Intermizoo brevetta metodo con Università di Padova

Avere nelle stalle latte più buono e nei caseifici più formaggio ora si può grazie a Pro Caseus, un nuovo metodo per predire l’attitudine casearia del latte di un bovino grazie all’ausilio di un chip genico brevettato da Intermizoo e dall’Università di Padova. L’Istituto interregionale per il miglioramento del patrimonio zootecnico presenta, in anteprima, le ricerche effettuate in partnership con Unipd, un contributo destinato a rivoluzionare il mondo lattiero-caseario. Con il nuovo indice Pro Caseus, si stima un aumento di produzione di formaggio fino al 10%. E il segno più non è solo in quantità, ma soprattutto in qualità organolettica e sensoriale.

"Nel mondo il 70 per cento del latte viene trasformato in formaggio e l’Italia è tra i primi 10 Paesi produttori. Da qui la necessità di uscire dalle logiche che abbiamo seguito fino ad oggi. E Pro Caseus rappresenta un cambio di prospettiva. Con questo metodo innovativo il produttore, cioè l’allevatore, può finalmente pensare alla destinazione del latte: il formaggio", ha spiegato Francesco Cobalchini, direttore generale di Intermizoo.

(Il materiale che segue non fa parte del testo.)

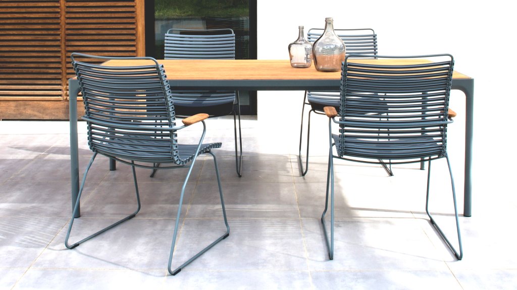 The Four table by Houe is a robust model that fits well in an industrial or rugged interior. The table is designed to withstand weather conditions. The Four table has a strong aluminum frame available in powder-coated gray or black. The bamboo tabletop has a structure that is very suitable for outdoor use. The table comes in sizes with a length of 90, 160, 210 and 270cm , all with a width of 90cm and a height of 74cm (bar table 111cm high). Bamboo is a more sustainable alternative to teak. However, we recommend applying oil to the bamboo 2-3 times a year to maintain its warm colors for a longer time.
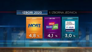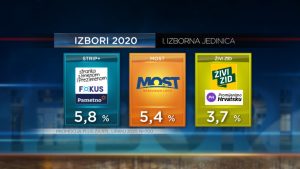 Mandat bi mogli uzeti i Most (6,2%) i koalicija oko Stranke s imenom i prezimenom (3,7%). Neodlučnih je 8,4 posto, a u ovoj izbornoj jedinici za dva granična mandata bore se četiri liste.
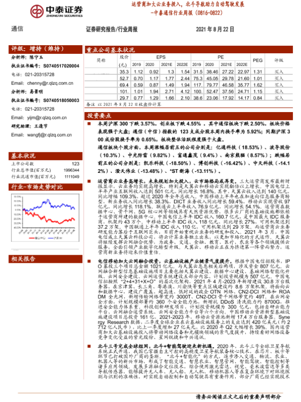 【中泰证券】【20210822】中泰通信行业周报:运营商加大云业务投入,北斗导航助力自动驾驶发展-15页 行业研究
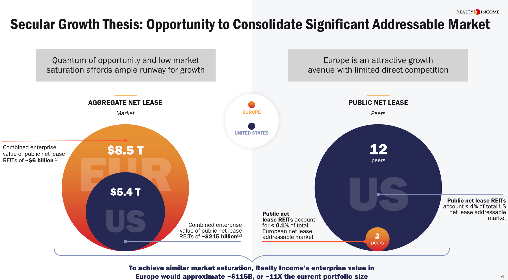But now, Realty Income is looking at expanding heavily in Europe. The opportunity set is larger there, and there is less competition:

«Questo risultato – ha continuato Cobalchini – è il frutto di un grande lavoro di squadra tra il mondo della ricerca, Intermizoo e le organizzazioni degli allevatori, iniziato nel 2007 con il primo progetto di lavoro denominato “BullAbility” con la collaborazione del Dipartimento DAFNAE dell’Università di Padova per migliorare l’efficienza dell’intera filiera lattiero-casearia. Determinante è stato l’apporto di tutti coloro che ogni giorno si dedicano con passione a far crescere la nostra azienda e che hanno contribuito a portare Intermizoo nei 5 continenti». 

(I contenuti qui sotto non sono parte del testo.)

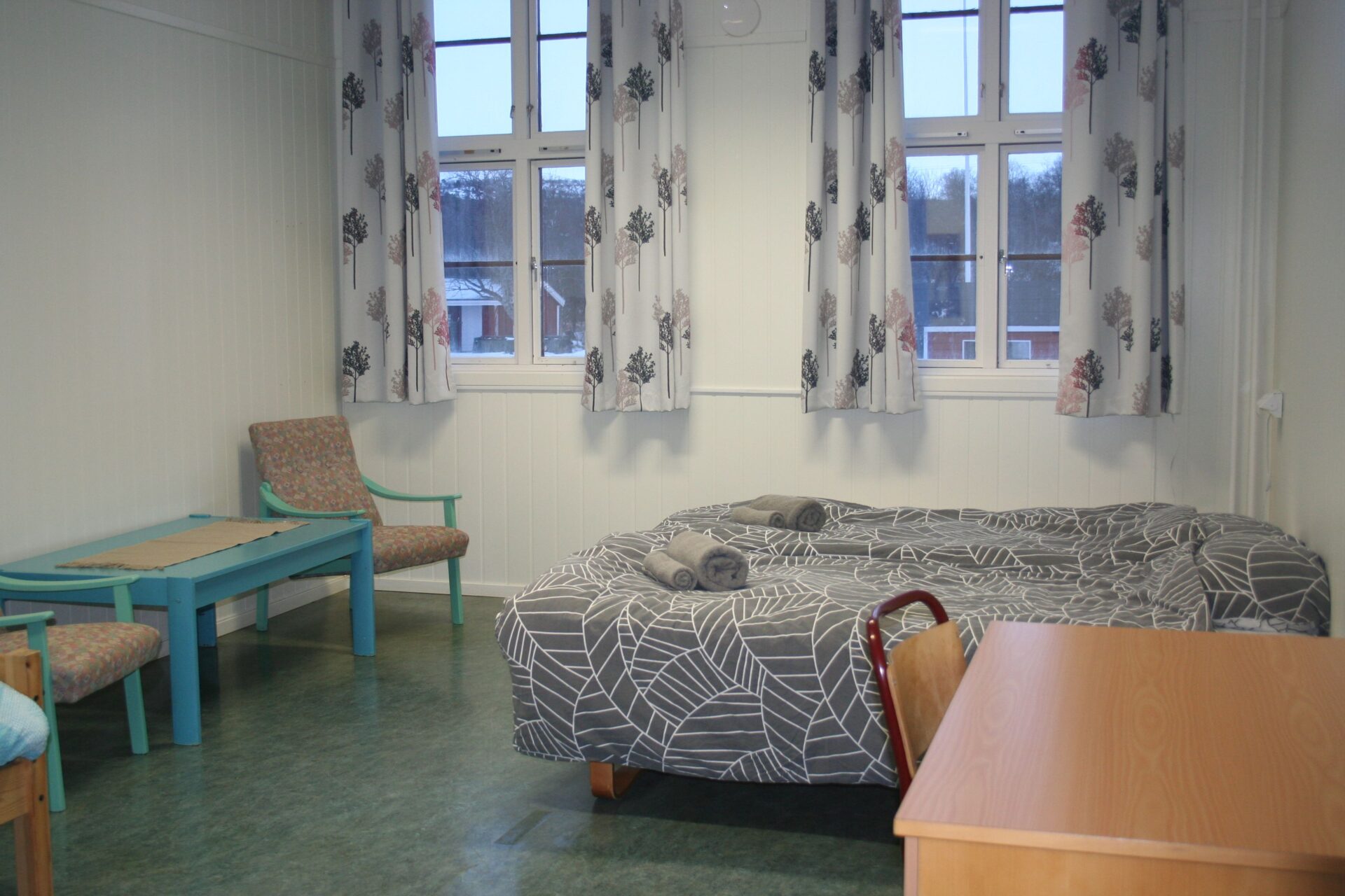 NOK 1200,- for double room with shared bathroom

«L’indice Pro Caseus rappresenta un prodotto della collaborazione tra Università di Padova e Intermizoo, a favore degli allevatori italiani. La genetica italiana dispone, oggi più di ieri, di uno strumento innovativo e di eccellenza, rivolto al miglioramento della caseificazione del latte vaccino, in grado di mantenere quella posizione di leadership casearia indiscussa e riconosciuta nel mondo al nostro Paese», ha dichiarato il Prof. Martino Cassandro, del Dipartimento DAFNAE dell’Università di Padova.

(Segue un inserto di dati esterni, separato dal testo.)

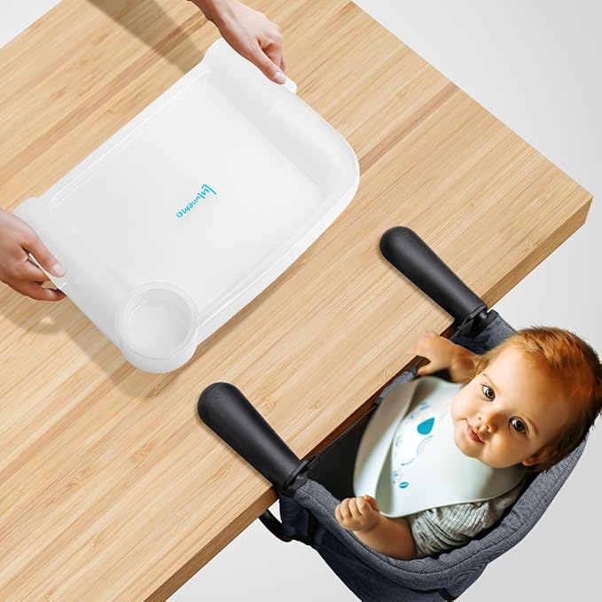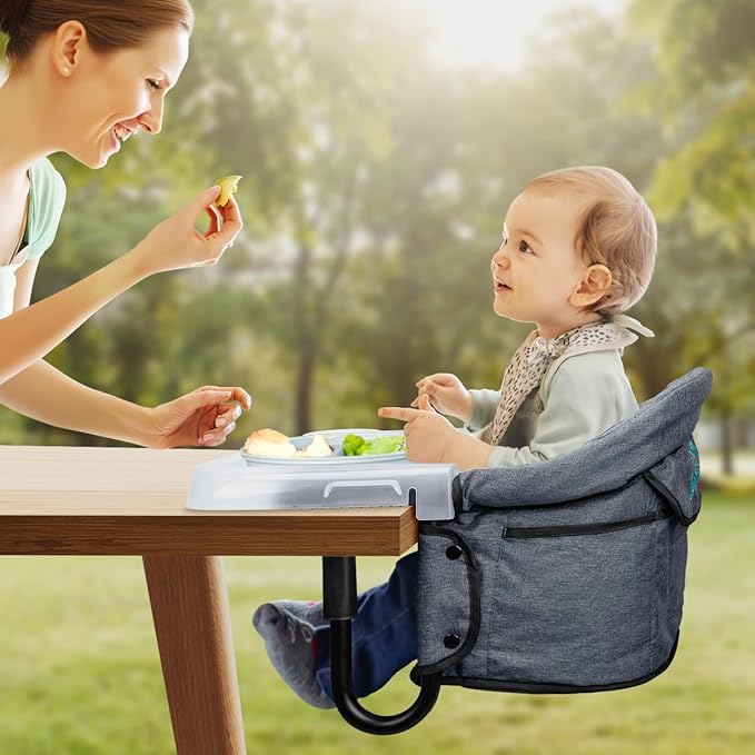 - 【Portable Hook-On Chairs with Tray】Our portable hook-on chairs is designed to be compatible with most types of tables ranging from 0.8 inches to 3.3 inches (20-85mm) in thickness,ensuring a secure fit on a wide variety of tabletop surfaces.It comes equipped with a convenient detachable feeding tray that attaches and detaches with ease,making mealtime a breeze for parents

Pro Caseus misura la capacità del toro di generare figlie in grado di produrre un latte che può essere trasformato in maniera più efficiente in formaggio. Una scoperta a vantaggio dei consumatori finali, dei trasformatori e degli allevatori. Chi sceglie animali con indice Pro Caseus sa che sta scegliendo capi selezionati per la loro spiccata attitudine casearia e che producono più latte, più buono.

Un latte destinato ad essere trasformato in formaggio di alta qualità dovrebbe coagulare entro un determinato range di minuti, correlati alla tipologia di formaggi che si stanno producendo, e formare rapidamente una cagliata con una consistenza idonea alle successive lavorazioni, mentre un latte con un’attitudine casearia non ottimale, oltre ad avere una resa in formaggio inferiore, può influire sulla qualità finale del formaggio, sulla sua composizione, sull’incidenza di difetti e scarti, sul tempo e costo di trasformazione. Il nuovo indice Pro Caseus consente agli allevatori di migliorare la produzione del latte destinato alla trasformazione che tradotto significa più quantità, ma anche più qualità con ricadute positive in termini di sostenibilità per l’intera filiera.

Numeri alla mano, gli studiosi sostengono che il latte così ottenuto è più buono, rende meglio ed è più rispettoso dell'ambiente.